Ooh, this sounds very good. I'm just about to fly out to Utah, I'll see if I can try some of these tips and post the results. Maybe compare the different options to see if there are some that causes image quality losses between the different techniques.


----------



## projectmansd (Jan 31, 2014)

PTgui is another great program for stitching.


----------



## PTT (Feb 1, 2014)

Have you thought of using the Warp tool in CS6 to straighten your pano? I find that Adaptive Wide Angle gets wonky on me sometimes.
Pano1: Your original with grid lines (gray) applied (percentage rather than a fixed number..set that in prefs.)
Pano2: Grid lines in red. Warp tool in gray. Nudge the Warp tool until the water and horizon are flat.
Pano3: Expand the dramatic sky and move the mountains into the bottom 3rd of the image. Select the Crop tool and drag the top edge upward. Flatten the image, then select the expanded section and a few pixels of the sky, then use Content Aware Fill.
Pano4: Finished fix. Clean up any weird stuff in the expanded sky with Spot Healing Brush (content aware.)


----------



## yorgasor (Feb 2, 2014)

Ok, as promised, here's my updated version. This version was just a simple change of selecting 'cylindrical' instead of 'auto' for the merge type. This gave me a much cleaner horizon to work with. Although the changes made by PTT with the warp tool are pretty impressive. I like the thicker panorama with the taller clouds that he made.
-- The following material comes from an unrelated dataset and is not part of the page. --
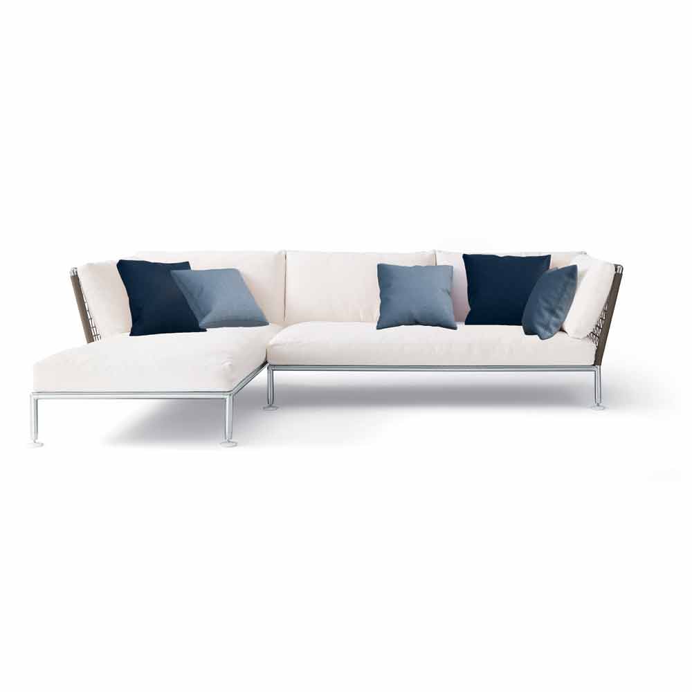 Hörnsoffa med schäslong utomhus, i stål och vitt eller duvgrått tyg, av modern design tillverkad i Italien.

Tetons Panorama 2 by yorgasor, on Flickr


----------



## Logan (Feb 13, 2014)

wish there was a way to preview what the different PS pano modes do. took some of the tips in this thread and improved one of mine that was suffering from curved horizon. but now i cant remember which stitching mode worked best, i think it was also cylindrical. thanks for the tips folks!


----------



## Larry (Mar 5, 2014)

yorgasor said:


> The water line sags pretty bad in the middle. Is that because of the way the camera pivoted on the tripod? I was very careful with the placement of the tripod, I'm pretty sure it was level all the way across. .



Let's call what you refer to as the waterline, …"the shoreline".

You can not accurately portray the far shoreline as a straight line, if in fact the shore in the center is closer to you than at the sides.

A simple compositional correction, to give a more satisfying "balance" to the eye, would be to tilt the image so that the "chord" of the shoreline curve ( a straight line between the ends of what you call the waterline, i.e., the dark streak approximately midway up the image) is "level".

You will lose a bit of the left foreground shore, but the image will, IMO, "Feel" more "right".

HTH.


----------